17. The system of claim 13 , wherein the wrapping module further installs the wrapped application on the unmanaged endpoint device.

18. The system of claim 17 , wherein the wrapping module further installs the wrapped application on the unmanaged endpoint device by installing the wrapped application on the unmanaged endpoint device in response to detecting that the unmanaged endpoint device has connected to a network that falls within the set bounds.

19. The system of claim 17 , wherein: the unmanaged endpoint device comprises an unwrapped instance of the application; the unwrapped instance of the application is for personal use by an owner of the unmanaged endpoint device and is not subject to the data loss prevention policy; an organization designates the wrapped instance of the application as for use by the owner of the unmanaged endpoint device to handle data that is owned by the organization and that is subject to the data loss prevention policy.

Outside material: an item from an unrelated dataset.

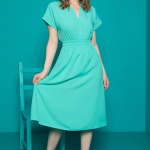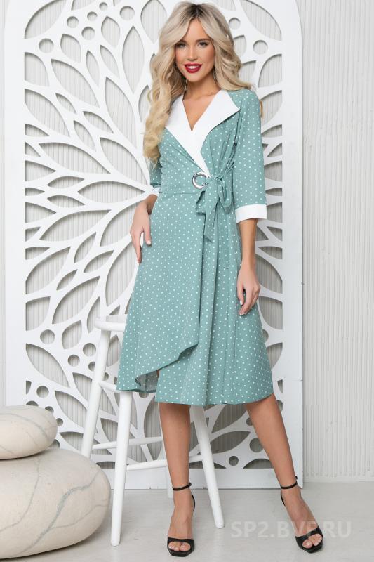 Артикул 2076675045: Платье "Ретро" (горох мята) https://elza-nsk.ru/collection/novinki/product/platie-retro-goroh-myata | Для роскошной женщины - для Вас! Изумительное платье "в горох", выполнено в контрастной гамме. Платье приталенного силуэта "на запах". Отложной воротник и манжеты выполнены из отделочной ткани. По передней полочке декоративное кольцо, через которое завязывается бант.
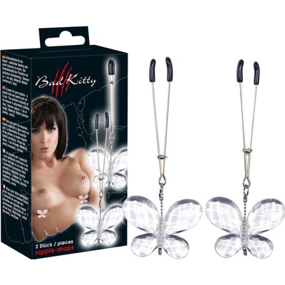 Svorky na bradavky BUTTERFLY s průhlednými motýlími přívěsky z kolekce BAD KITTY jsou vyrobeny z pochromovaného kovu a akrylu. Svorky jsou chráněny PVC potahem, aby nedošlo k...

20. A non-transitory computer-readable medium comprising one or more computer-readable instructions that, when executed by at least one processor of a computing device, cause the computing device to: identify a data loss prevention policy that defines permissible data handling within set bounds to prevent unauthorized data exfiltration from the set bounds; identify an application to install on at least one unmanaged endpoint device, where: the unmanaged endpoint device lacks a data loss prevention agent configured to apply the data loss prevention policy to the entire unmanaged endpoint device; the application is to be provided to the unmanaged endpoint device to operate on sensitive data from within the set bounds; wrap the application in an application wrapper that intercepts system calls from the application and applies the data loss prevention policy to sensitive data implicated in the system calls, where the application wrapper thereby applies the data loss prevention policy to data handled by the application instead of applying the data loss prevention policy to the entire unmanaged endpoint device.